About 4 years ago, I'm out with 2 buddies (co-workers) on one of the other guys' land. Late October day, sunny, hot, hunting in short sleeves.

The guy who's family owns the land, has a dog, I'm still not sure what kind of dog, but none the less it was a dog. Now this dog was not your typical hunting dog, some kind of mixed breed like a collie and a blue heeler or something! Funny looking dog!

So we are hunting, walking along, the dog has actually put up some birds for us, in fact we got our limit that day, but one flush the dog had was particularly funny.
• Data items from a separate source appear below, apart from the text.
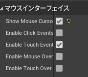 UE4では実行時にマウスカーソルが非表示になるのが標準設定になっています。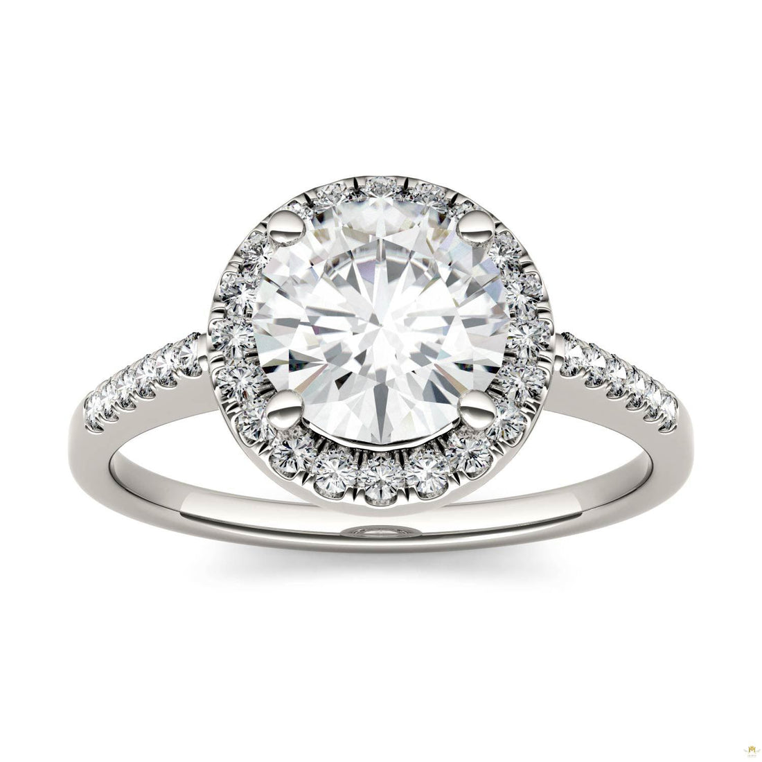 Treat her like an angel with this stunning halo Moissanite by Charles & Colvard® ring....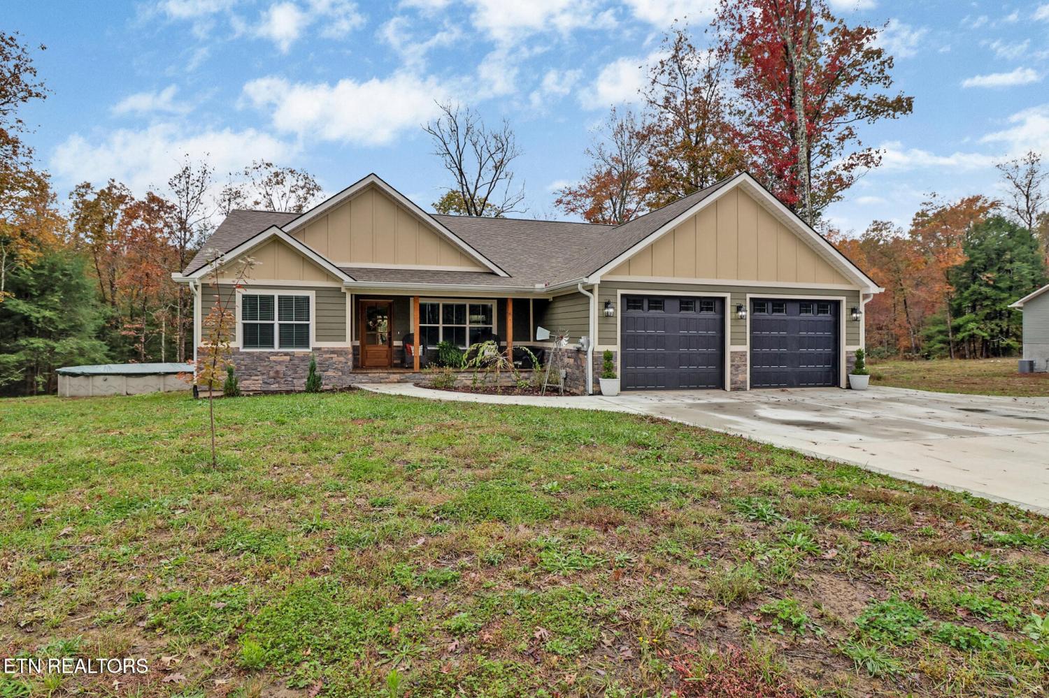 Bells & whistle surround this stunning hardboard & stone exterior home with covered front & back porch. Located in highly sought after neighborhood. Nice rolling yard dotted with hemlocks to add to the park like setting. Inside you will be welcomed in from the cathedral ceiling to the rustic laminate & tile flooring, gas fireplace to add coziness. Dream kitchen with white shaker cabinets and quartz countertops with a bar to serve family or guest. Mud room area off garage with build in shelving. Venture on into the master suite to find huge walk in closet, walk in tile shower, double vanity, grab a good book and curl up by the large window and relax. Spacious bedrooms with large closets, large laundry room with utility sink. This home is a must see to take in all the beauty and comfort this home has to offer. Call today to view.

The dog flushes a bird, I shoot, winging the bird, it hits the ground in fairly thin cover, I could see it running. I start moving quickly to where I last saw it, (the dog was not interested in the retrieve!), I over run the bird, getting about 30 feet in front of it before I see it again. One of the guys comes up from behind this bird, and the bird starts making a 20 mph bee line straight toward me!

I bend at the knees, spreading my legs out, like I'm playing defense for the Lakers, ready to jump to either side cause I KNOW this bird is not gonna run into me.

10 feet, 5 feet, 2 feet in front of me, this bird is STILL running right at me, I'm ready to make a dive, ZOOM-- the bird goes RIGHT BETWEEN MY LEGS! I'm standing there in disbelief! I bend over, looking between my legs (much like a long snapper on a football team, except I'm holding a gun). I see the bird running into thicker cover (still no dog in sight).

I stand up straight, both my buddies are laughing their ***** off!

We never did find that bird! (neither did that dog!)

Afterwards, the only thing I can think of, is, while I was bending over, I should have kept going and kissed my *** good bye....just like that ol' rooster did!


----------



## griffman (Jan 17, 2004)

How bout this one from this season....

My godmother(who is a wonderful lady) calls me and asks if I can take her young nephew out pheasant hunting. Being able to do something nice for her AND get a kid out looking for his first rooster, I instantly say YES! I love being around when a kid gets their first bird!

I can't get him out till the second day of season, Sunday. We're hunting public land, an afternoon hunt (I had to work til 1pm). I tell the kid the spot has probably already been hunted and warn him there may not be much action today. He understands, and is just happy to be out hunting, especially with my dog, the "Best Dog in the World" (I'm following suite with Remmi here  )

So, we're walking along, a rooster flushes wild about 30 yards in front of me off to my left, I shoot, wing him,(heck of a nice shot if I do say so myself) dog makes a nice retrieve, one in the bag. Things slow down from there, lots of hens, no roosties.

The end of the day is near, we're on the way back to the truck, one bird, none for the kid. Suddenly, Kobe's locked up, I'm thinkin, "damn, another hen", I call the kid over, "hurry, hurry", he gets in position. I walk in front of the dog (textbook stuff here), perfect scenario, a rooster hits the air right from my feet! I yell "ROOSTER, SHOOT", the kid pops a round from his single shot 20ga., he misses 

This bird is still real close, I pop a round, MISS, I take another look(this time taking my time), another shot, another miss...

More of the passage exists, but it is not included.